1 - Tokenize the text with `SENTENCE(input)`  
Outer array - each sentence  
Inner array - each word in each sentence

2 - Find n-grams with `NGRAMS(array, number of words per ngram, threshold for result)`  
Output is a struct with 2 attributes - ngram, estfrequency  
Can also use `context_ngrams` if we want certain combos

# Extending Hive (JSON, Custom Scripts, and UDFs)

### JSON

Use jsonserde when each line of the document is a JSON object 

Supports arrays and maps, nested structures  
Have to load JSON with a special Serde

---

### json file with 3 "topics"

Create a table and load in as 1 field  
`create table raw
(json string)
row format delimited;`

For each table:  
`insert into users
select * from raw
get_json_object(...)` 

Could also use **hadoop streaming** with python scripts to extract users, reviews, businesses.  
This would be 3 separate mapreduce jobs.

---

### Querying json fields (non json tables)

#### Dictionary example 
Can use the "value" as a list of strings and use `get_json_object` to parse field.  
This is different than a complex field.  
`input` should be a string with a JSON format. 


$: root object  
`[ ]`: subscript operator for array  
`.` : child operator

`get_json_object(input,` $`.parent.child[index])`

---

### Use external script to transform data

`*` = fields to transform  
`hive> ADD FILE myscript.py;
hive> SELECT TRANSFORM(*) USING 'myscript.py' FROM employees;`

**Example with only 2 fields**  
`hive> SELECT TRANSFORM(product_name, price)
USING 'tax_calculator.py'
AS (item_name STRING, tax INT)
FROM products;`

---

### User defined functions

1. Standard udf - normal function, single row input, single row output
2. user defined aggregate functions - (sum, max, etc)
3. user defined table functions (explode, etc)

**To use a java udf**  
1. Copy function's jar into hdfs  
`hadoop fs -put url-decode-udf.jar /myscripts/` 

2. Register the function  
`CREATE FUNCTION url_decode
AS 'com.example.hive.udf.URLDecode'
USING JAR '/myscripts/url-decode-udf.jar';`

3. Use the function  
`select url_decode(your_url);`

# Lab 10 (Sept 30) - Text Analytics with Hive

[Lab](https://pages.github.umn.edu/deliu/bigdata19/05-Hive3/lab10-text.html)  
[Solution](https://pages.github.umn.edu/deliu/bigdata19/05-Hive3/lab10-text-solution.html)

---

### RUNNING NGRAMS QUERY 

**Trigrams, Top 5**  
`SELECT EXPLODE(NGRAMS(SENTENCES(LOWER(message)), 3, 5))
AS bigrams
FROM ratings
WHERE prod_id = 1274673;`

---


### Investigating after query

**Pattern identified from trigrams**  
`SELECT message
FROM ratings
WHERE prod_id = 1274673
AND message LIKE '%ten times more%'
LIMIT 3;`

**"Red was a word that popped up.
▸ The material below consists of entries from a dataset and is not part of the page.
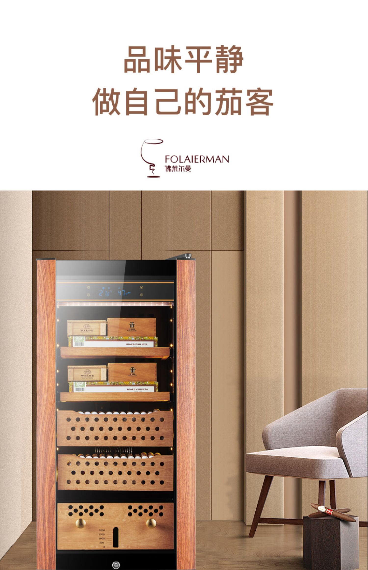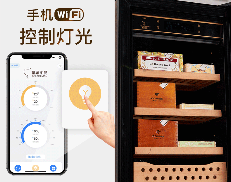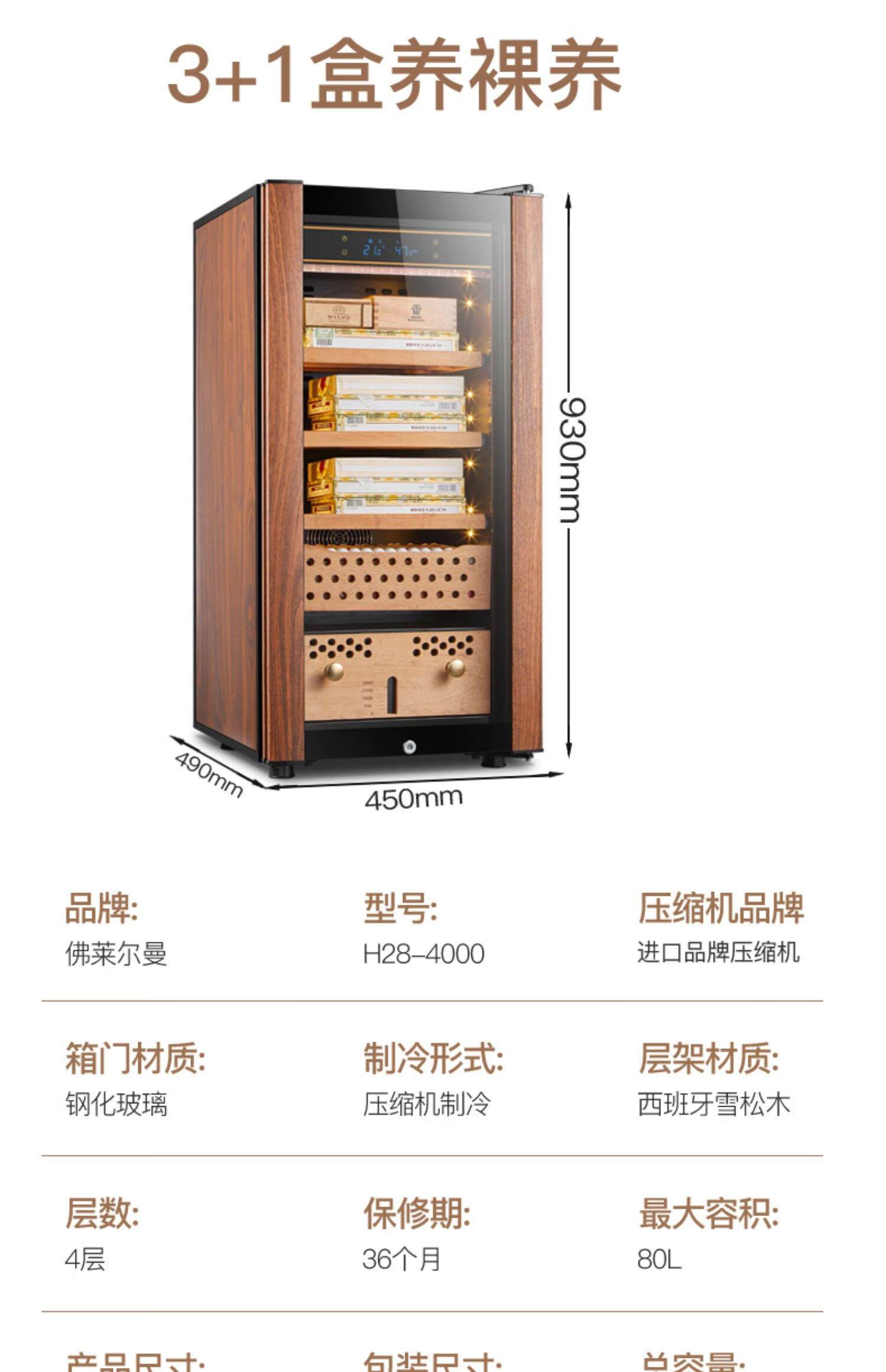 Double small HM-70 compressor cigar cabinet constant temperature and humidity household cedar wood red wine humidifier 48 bottles 4-layer box maintenance polymer
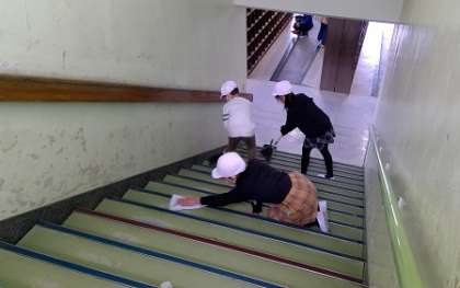 キラリーンウィーク 公開日 2021/12/23 更新日 2021/12/23 校内行事 後期前半の終わりが近づいてきました。12月13日〜17日は,環境委員会によるキラリーンウィークでした。「黙働」・「身支度」など5つのめあてを意識して,清掃に取り組んでいました。教室や階段,昇降口などそれぞれの分担場所で,集中してきれいにすることができました。
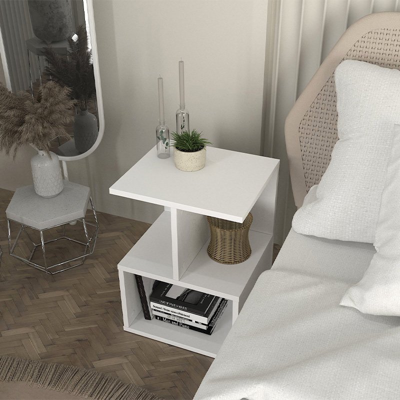 Κομοδίνο – Τραπεζάκι βοηθητικό Entiero Megapap χρώμα λευκό 39,8x35x54,6εκ.

Why?**  
**All messages that have "red"**  
`SELECT message
FROM ratings
WHERE prod_id = 1274673
AND message LIKE '%red%'
LIMIT 3;`

---

**There must be a pricing error.**  
**Check in the products table**  
`SELECT *
FROM products
WHERE prod_id = 1274673;`

**Compare red product vs same product of diff colors**  
`SELECT *
FROM products
WHERE name LIKE '%16 GB USB Flash Drive%'
AND brand='Orion';`

# Lab 11 (Oct 2) - Log Data


[Lab](https://pages.github.umn.edu/deliu/bigdata19/05-Hive3/lab11-weblog.html)  
[Solution](https://pages.github.umn.edu/deliu/bigdata19/05-Hive3/lab11-weblog-solution.html)

---

Directory for exercise  
`cd ADIR/exercises/transform`

See how Hive would set up the table - helps us set types and Serde  
create_web_logs.hql is a script that already exists  
`beeline -u jdbc:hive2:// -f create_web_logs.hql`

### Step 1 - Local --> HDFS

Make directory in hdfs  
`hadoop fs -mkdir /dualcore/web_logs`

Take file from exercises folder into hdfs (dualcore folder)  
`hadoop fs -put ADIR/data/access.log /dualcore/web_logs`

Supposed to run this command to make sure everything worked correctly  
`SELECT term, COUNT(term) AS num FROM
     (SELECT LOWER(REGEXP_EXTRACT(request,
        '/search\\?phrase=(\\S+)', 1)) AS term
        FROM web_logs
        WHERE request REGEXP '/search\\?phrase=') terms
   GROUP BY term
   ORDER BY num DESC
   LIMIT 3;`


---

### Step 2 - Identify steps in process

There are 4 steps. We want to count how many people made it to each step.  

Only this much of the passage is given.